Mas Donald Trump está apenas a fazer o que prometeu. Na verdade, está até a fazer o que sempre defendeu. Comprovando a teoria (tão injustamente atacada) de que se pode ler a Playboy pelos artigos, parece que no interior do governo alemão tem andado a circular a edição de Março de 1990. Trump - que, pelos vistos, não gosta apenas de gatinhas (pussies), mas também de coelhinhas - era o entrevistado.

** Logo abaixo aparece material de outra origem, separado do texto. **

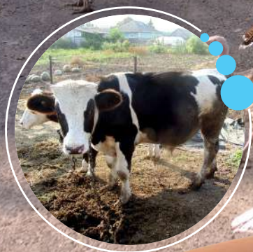
Фермер Ю.Ф. Переверзев

Во дворе Юрия Федоровича немало разной птицы: куры, утки и цесарки, индюки. На заднем дворе расположились лобастые бычки.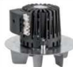
28 Rauchgasgebläsemotor • Passend für Eventura HVL 2.0 und HV • Mit Lüfterrad

E não tinha dúvidas: os problemas da economia norte-americana (no início de uma década de excelente desempenho) tinham origem nas importações de produtos japoneses e alemães, tornados competitivos através de subsídios dos respectivos governos, os quais ganhavam a folga para os pagar devido ao facto de serem os Estados Unidos a assegurar que os dois países não eram «removidos da face da Terra em cerca de 15 minutos». Trump acusava japoneses e alemães de roubarem o amor-próprio dos norte-americanos e terminava dizendo que «os nossos aliados lucram biliões lixando-nos». De então para cá, apenas necessitou de acrescentar China, México e, suponho, Coreia do Sul à lista dos seus ódios de estimação. Para Trump, tudo assenta em análises custo-benefício simplistas, feitas sempre numa perspectiva de curto prazo. Trata-se de uma excelente receita para o desastre. Que ele esteja a posicionar-se para incentivar o desmembramento da União Europeia, de modo a forçar acordos bilaterais a partir de uma posição de força que as condições actuais não lhe providenciam, só pode reforçar os motivos de preocupação.

 

Há um ponto, todavia, em que é necessário elogiá-lo. Um ponto que até ajuda a explicar por que venceu as eleições. Nos primeiros dois dias, Trump reuniu-se com líderes de grupos industriais e com sindicalistas. Nas conferências de imprensa diárias, Sean Spicer, o porta-voz da Casa Branca, fez questão de realçar que vários deles nunca tinham estado na Sala Oval e que alguns nunca haviam sequer entrado na Casa Branca. Para um cidadão desempregado, ou num emprego de baixo rendimento, que via as estrelas de Hollywood descreverem, nos programas de Stephen Colbert ou Jimmy Fallon, as festas e os jantares na Casa Branca em que haviam participado, isto é um tremendo sinal. Os encontros de Trump podem não passar de demagogia ou significar o pontapé de partida para uma crise mundial. Para essas pessoas, contudo, marcam a diferença. Barack e Michelle Obama eram elegantes, politicamente correctos, excelentes oradores e dançarinos - o epítome do cosmopolitismo. Mas Trump está a lutar por eles. Não há piada desdenhosa ou crítica mal fundamentada capaz de vencer esta ideia.